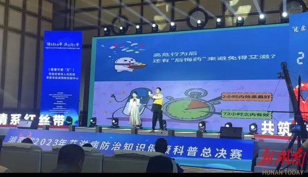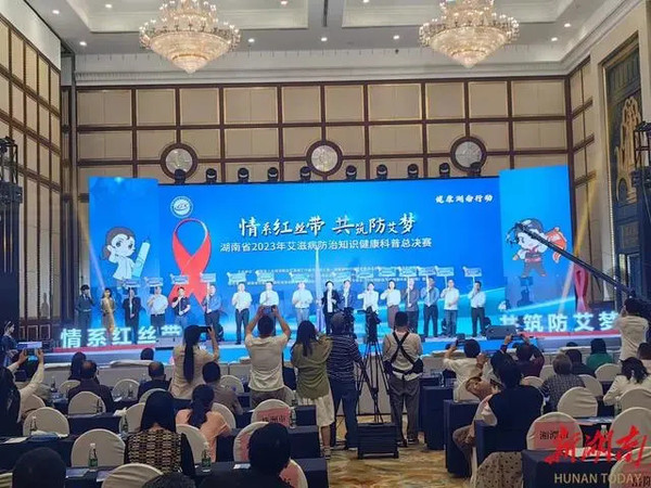 大众卫生报·新湖南客户端10月17日讯(记者 王璐 通讯员 张恒娇 张亚娜)为进一步推进艾滋病防控工作,提升公众防病意识,10月17日,由湖南省人民政府防治艾滋病工作委员会办公室、健康湖南行动推进委员会办公室、湖南省卫生健康委共同主办,湖南省疾病预防控制中心承办的“情系红丝带 共筑防艾梦”湖南省2023年艾滋病防治知识健康科普总决赛在长沙举行。各主办单位负责人、31家省防艾办成员单位和全省14个市州代表队共计200余人参加活动,并线上向公众同步直播。
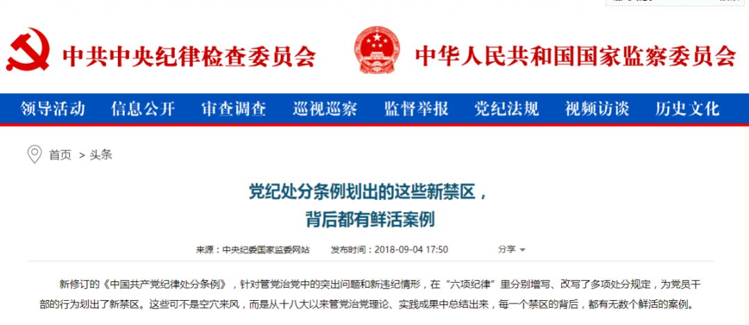 今天,中央纪委国家监委网站刊发题为《党纪处分条例划出的这些新禁区,背后都有鲜活案例》的文章。
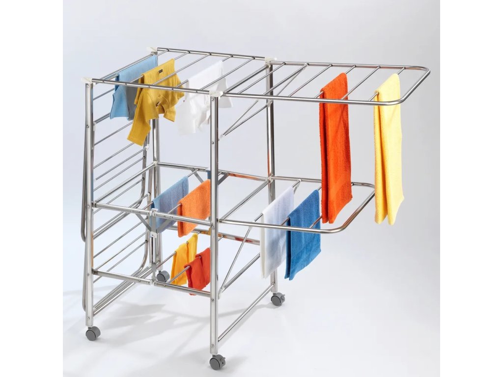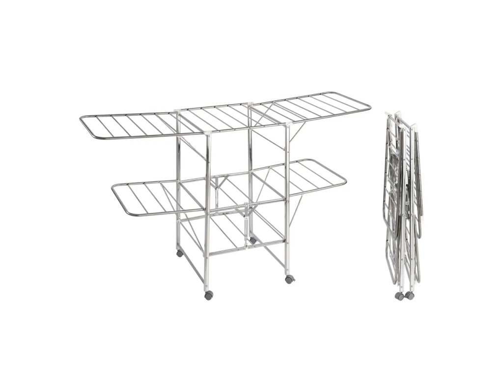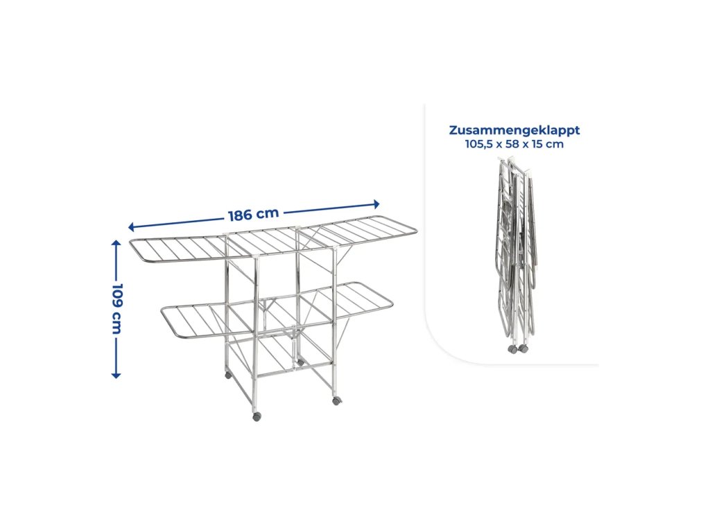 Barva Stříbrná Typ sušáku Stojací Délka 186 cm Šířka 109 cm Výška 58 cm Délka sušicí plochy 27 m Váha 5.052 kg Materiál Kov Specifický materiál Nerez Doplňkový materiál Plast Péče Otírejte vlhkým hadříkem
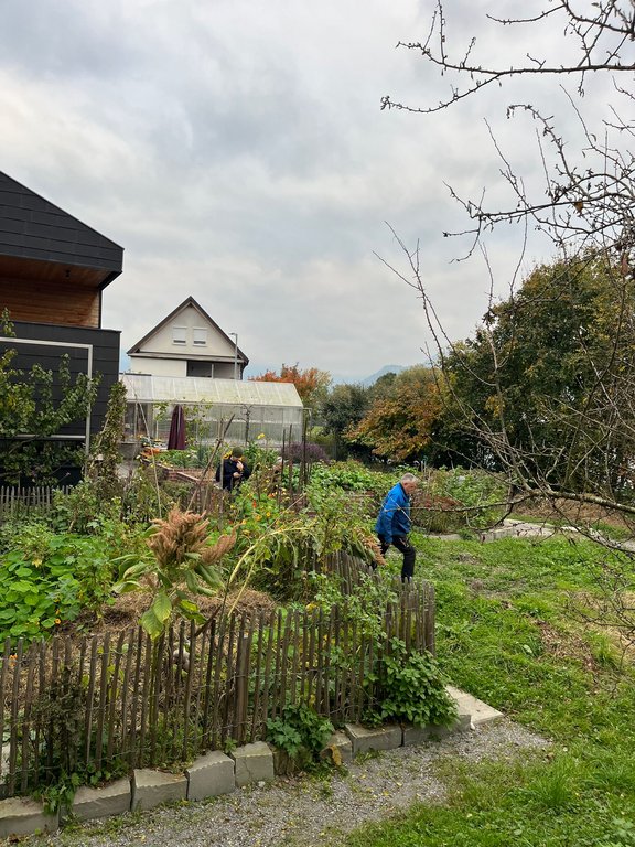 Der Garten wurde nach den Grundsätzen der Permakultur geplant. Nun wachsen hier Gemüse, Kräuter, Obst, Wild- und Zierpflanzen zur Teil-Selbstversorgung. Die Gartenelemente wirken zusammen zu einer einfacheren und nachhaltigeren Bewirtschaftung.
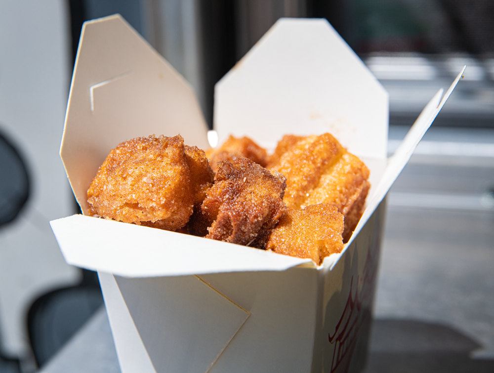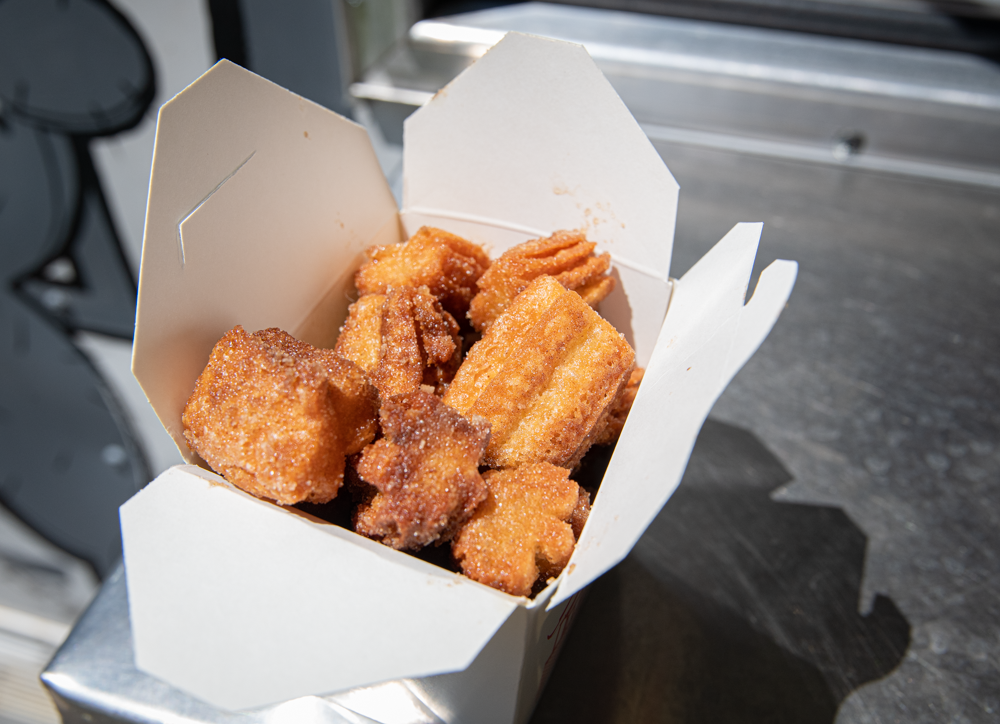 “We take our favorite things from home and try to replicate it or do it better, and do it all in one place,” said Josh. Tacos ($3.50) — with steak, adobada, shrimp, cauliflower or carnitas — are stacked high and topped with delicate micro cilantro. The surf and turf burrito ($13) is a massive undertaking, featuring carne asada, chorizo, avocado crema, fries and a not insubstantial portion of whole shrimp. It’s a juicy affair, with what’s sure to be a growing pile of drenched napkins providing a good sign that Carrera’s is indeed using the good stuff. Be sure to save room for the churro bites ($5) — a perfectly balanced rendition with a sprinkle of salt and house-made horchata anglaise. Or, for a pro move, come back for the weekend brunch service, where Carerra’s dispenses churro pancakes ($12) — which sees a stack of three topped with an almost intimidating pile of what is surely one of the city’s more decadent desserts.
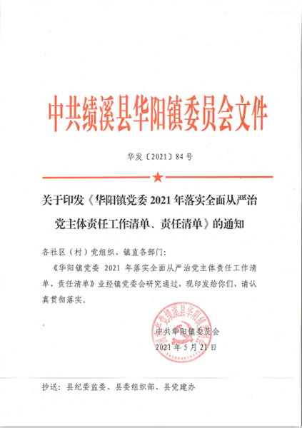 “明確6個方面責任內容細化27條措施壓實班子成員和相關部門責任,針對上級點的、日常工作中發現的、民主生活會查擺出的問題,對癥下藥,提出相應的整改措施,確保全面從嚴治黨縱深推進……”近日,華陽鎮印發《2021年落實全面從嚴治黨主體責任工作清單、責任清單》,建立完善全面從嚴治黨主體責任工作清單、責任清單、時限清單,明確了黨委書記、領導班子成員、各相關部門的責任,著力構建職責明晰、目標具體的責任體系,推動“兩個責任”貫通聯動、一體履行。

▶ _EXERCISE OBJECTIVE_: Everything in the records except the pictures should be printed again exactly.

▶ _YOUR SOLUTION_:
 大众卫生报·新湖南客户端10月17日讯(记者 王璐 通讯员 张恒娇 张亚娜)为进一步推进艾滋病防控工作,提升公众防病意识,10月17日,由湖南省人民政府防治艾滋病工作委员会办公室、健康湖南行动推进委员会办公室、湖南省卫生健康委共同主办,湖南省疾病预防控制中心承办的“情系红丝带 共筑防艾梦”湖南省2023年艾滋病防治知识健康科普总决赛在长沙举行。各主办单位负责人、31家省防艾办成员单位和全省14个市州代表队共计200余人参加活动,并线上向公众同步直播。
 今天,中央纪委国家监委网站刊发题为《党纪处分条例划出的这些新禁区,背后都有鲜活案例》的文章。
 Barva Stříbrná Typ sušáku Stojací Délka 186 cm Šířka 109 cm Výška 58 cm Délka sušicí plochy 27 m Váha 5.052 kg Materiál Kov Specifický materiál Nerez Doplňkový materiál Plast Péče Otírejte vlhkým hadříkem
 Der Garten wurde nach den Grundsätzen der Permakultur geplant. Nun wachsen hier Gemüse, Kräuter, Obst, Wild- und Zierpflanzen zur Teil-Selbstversorgung. Die Gartenelemente wirken zusammen zu einer einfacheren und nachhaltigeren Bewirtschaftung.
 “We take our favorite things from home and try to replicate it or do it better, and do it all in one place,” said Josh. Tacos ($3.50) — with steak, adobada, shrimp, cauliflower or carnitas — are stacked high and topped with delicate micro cilantro. The surf and turf burrito ($13) is a massive undertaking, featuring carne asada, chorizo, avocado crema, fries and a not insubstantial portion of whole shrimp. It’s a juicy affair, with what’s sure to be a growing pile of drenched napkins providing a good sign that Carrera’s is indeed using the good stuff. Be sure to save room for the churro bites ($5) — a perfectly balanced rendition with a sprinkle of salt and house-made horchata anglaise. Or, for a pro move, come back for the weekend brunch service, where Carerra’s dispenses churro pancakes ($12) — which sees a stack of three topped with an almost intimidating pile of what is surely one of the city’s more decadent desserts.
 “明確6個方面責任內容細化27條措施壓實班子成員和相關部門責任,針對上級點的、日常工作中發現的、民主生活會查擺出的問題,對癥下藥,提出相應的整改措施,確保全面從嚴治黨縱深推進……”近日,華陽鎮印發《2021年落實全面從嚴治黨主體責任工作清單、責任清單》,建立完善全面從嚴治黨主體責任工作清單、責任清單、時限清單,明確了黨委書記、領導班子成員、各相關部門的責任,著力構建職責明晰、目標具體的責任體系,推動“兩個責任”貫通聯動、一體履行。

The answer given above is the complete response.